Обратим внимание, что сфера долга, как положительно маркированная, представлена единственной лексемой-славянизмом, тогда как сфера чувства не получает однозначного лексического выражения и нигде особо не маркируется с помощью высокой лексики.

б) Показательно использование ряда славянизмов с отвлеченной семантикой в секуляризированных значениях, характерных для литературы нового времени:

Иль Андромаха мысль твою крушит одна? Нет нужды Пирру знать, что чувствует она? Какая прелесть к ней влечет тебя всечасно? (214); Какие прелести находишь ты в глазах, Которым вечно сам назначил быть в слезах? (193); Сверх воли и своей и чаянья его, Иными прелестьми душа его плененна (207); Царевну удалю и на чело я сам Взложу ей не венец, но бесконечный срам

(233); Свершилось наконец, — избавлена ты срама, Изменник жизнь свою кончает среди храма (265).

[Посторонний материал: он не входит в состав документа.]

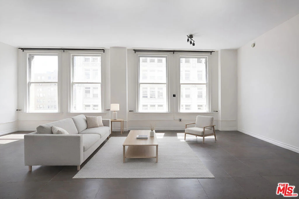 Welcome home to this bright and airy south-facing 1 bed/1 bath at the historic Bartlett Building. The live/work loft is currently under the coveted MILLS ACT contract for massive property tax savings for owners. Featuring six large windows that span the entire side of the unit, the loft is filled with natural light throughout the day. Nearly 11-foot ceilings and concrete floors add to the urban loft aesthetic. The open plan living space features a custom built wall storage structure and a powerful AC/heater, and the flexible creative space flows seamlessly into the kitchen for easy entertaining. The kitchen is equipped with a new oven/stove, plus there is a stainless steel dishwasher, fridge and microwave. The completely separate south facing bedroom features an ensuite bathroom and oversized windows. There are W/D hookups inside the bathroom that features an oversized soaking tub. HOA dues include water and trash, plus 24/7 front desk security and reception, a stunning 270-degree rooftop deck/lounge area, and 3rd floor courtyard. Situated in the heart of the historic core with a Walk Score of 98, you're within a few blocks of the best of DTLA, such as Grand Central Market, upcoming Erewhon Market, Whole Foods, Ralphs, Apple Store, LA Athletic Club, Metro lines, Target, The Bloc, Fashion District, Disney Concert Hall, The Broad Museum, Ace/Hoxton/Proper/Freehand hotels, and local favorites such as Holy Basil, Kazunori, Bottega Louie, IL Caffe, FIGat7th, Spring Arcade, Sunday Farmers Market, The Last Bookstore, and much more.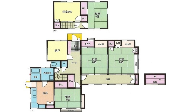 土地101坪 6DK 宮大工建築・和風建物 南東向き 隣接建物距離2m以上 前面棟無 整形地 閑静な住宅街 温水洗浄便座 2口コンロ 照明器具 トイレ2ヶ所 庭10坪以上 縁側 駐車場2台分 高台 角地 2方道路

Здесь же заметим, что славянизм бремя употребляется Хвостовым не в своем исходном конкретном значении, а, как и в других произведениях его времени, — в переносно-метафорическом:

Невинность бременем мне начинает быть (221); Рассудка глас внимать — несносное мне бремя (217).

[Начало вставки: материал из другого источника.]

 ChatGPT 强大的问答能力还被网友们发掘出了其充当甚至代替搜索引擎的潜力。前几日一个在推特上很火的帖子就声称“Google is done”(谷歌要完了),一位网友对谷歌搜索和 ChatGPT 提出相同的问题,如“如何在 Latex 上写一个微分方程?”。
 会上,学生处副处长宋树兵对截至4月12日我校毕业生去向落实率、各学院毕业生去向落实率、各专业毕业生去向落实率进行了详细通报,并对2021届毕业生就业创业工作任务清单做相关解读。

Хвостов, таким образом, нигде не реставрирует архаичных значений славянизма, а потому и не возникает колорита архаики: его герои, как и герои трагедии Расина, говорят на светском языке нового времени. Все славянизмы с отвлеченным значением, употребленные драматургом, узуальны как по семантике, так и по стилистической окраске, и по контекстуальным связям.

в) Для славянизмов с отвлеченной семантикой характерна тенденция к развитию переносных метафорических значений. У Хвостова это можно отчетливо проследить на примере славянизма хлад, обозначающего чувство, эмоциональное состояние (равнодушие) и ни разу не употребляющегося в прямом значении:

Пускай она к царю питала хлад безмерный (270); Досель к ней хлад являл, другую мысль пленя (219); Почто являть сей хлад лю-безну своему (202); Куда идти — какой хлад сердце мне стесняет! (272).

Но в этом метафорическом значении возможно употребление и полногласного варианта. Это явно свидетельствует о том, что у Хвостова нет осознанного устойчивого стремления к архаизации языка:

Нет нужды ей тебе холодностью платить (196); Твоим глазам везде победы делать должно, Холодности его к тебе желать не можно (224); Холодность, не любовь к царю сих стран являет

(182); Холодность зря в царе, сокрыто здесь страдала (183).

Показательно, однако, что русизм оформляется отвлеченным суффиксом, тогда как славянизм, имея отвлеченно-переносное значение, в таком дополнительном суффиксальном оформлении не нуждается.

г) Тенденция к «психологизации» языка трагедии в «Андромахе» Хвостова почти не проявляется. Ср. только три случая использования генитивных конструкций, типичных для элегического стиля:

Как! властвует любовь Орестовой душею? И даже жизнь твоя неразделима с нею? Каким волшебством ты, дни юности губя, Тяжелые надел оковы на себя (178); Но та ж царевна мне грусть сердца поверяла (183); Или не примечал, вняв исступленья глас, Что сердце брань вело с устами каждый час! (268).

Ср. также сочетание отвлеченных существительных со славянизмом влачить: «Ты зрел отчаянье, ты сам свидетель был, Как страсть и горести я средь морей влачил» (179).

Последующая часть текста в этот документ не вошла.